> _EXERCISE INSTRUCTIONS_:
Once "사우디아라비아, 타지키스탄, 요르단, 파키스탄이" turns up in a line below, reproduce that line and those after it exactly, stopping after the line with "1,1L da Tüd!"; leave pictures out.

> _RECORDS_:
↓

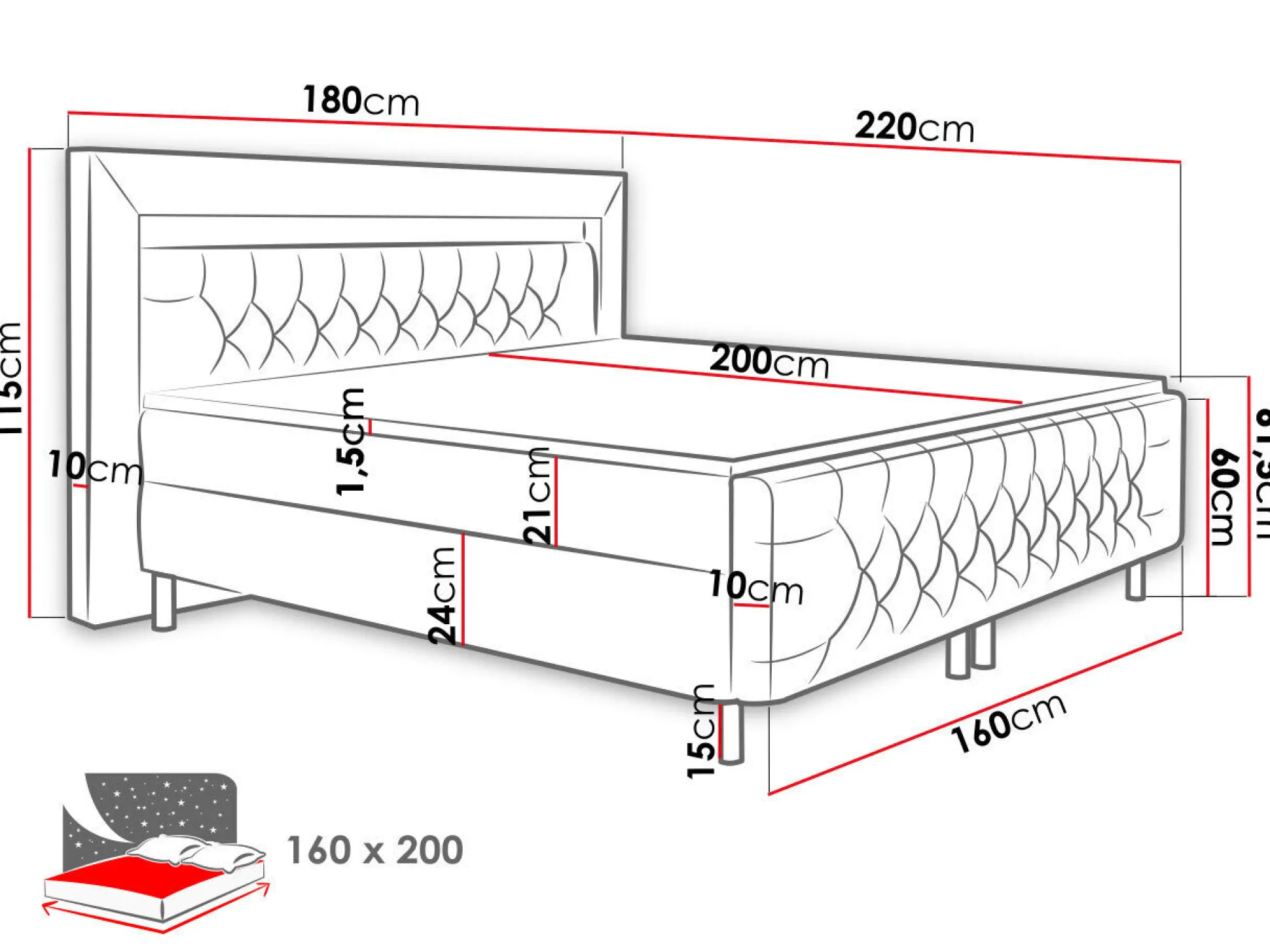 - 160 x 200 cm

↑
↓

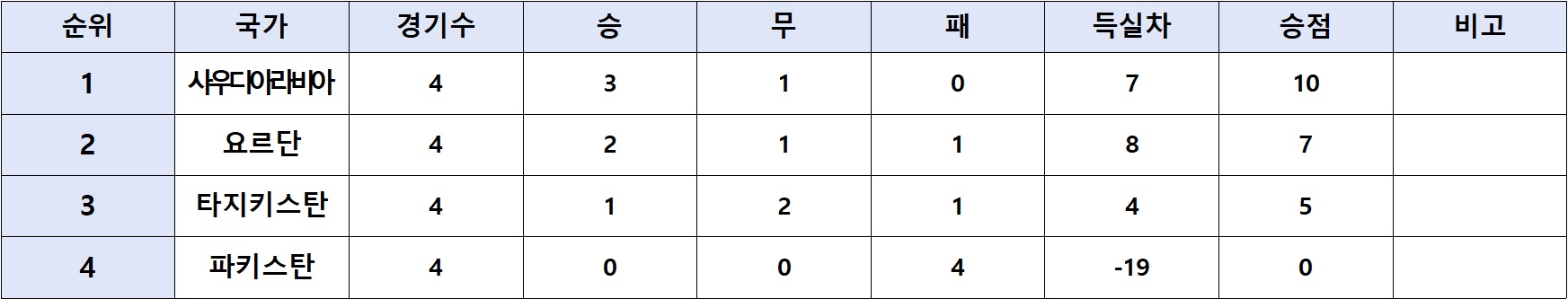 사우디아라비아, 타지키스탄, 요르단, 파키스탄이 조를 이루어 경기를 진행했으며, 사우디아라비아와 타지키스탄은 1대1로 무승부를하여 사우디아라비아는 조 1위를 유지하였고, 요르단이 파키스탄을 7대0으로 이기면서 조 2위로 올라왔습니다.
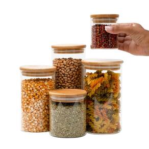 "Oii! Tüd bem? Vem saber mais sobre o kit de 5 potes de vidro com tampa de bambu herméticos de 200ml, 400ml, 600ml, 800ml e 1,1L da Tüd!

↑

> _SOLUTION TO THIS TASK_:
 사우디아라비아, 타지키스탄, 요르단, 파키스탄이 조를 이루어 경기를 진행했으며, 사우디아라비아와 타지키스탄은 1대1로 무승부를하여 사우디아라비아는 조 1위를 유지하였고, 요르단이 파키스탄을 7대0으로 이기면서 조 2위로 올라왔습니다.
 "Oii! Tüd bem? Vem saber mais sobre o kit de 5 potes de vidro com tampa de bambu herméticos de 200ml, 400ml, 600ml, 800ml e 1,1L da Tüd!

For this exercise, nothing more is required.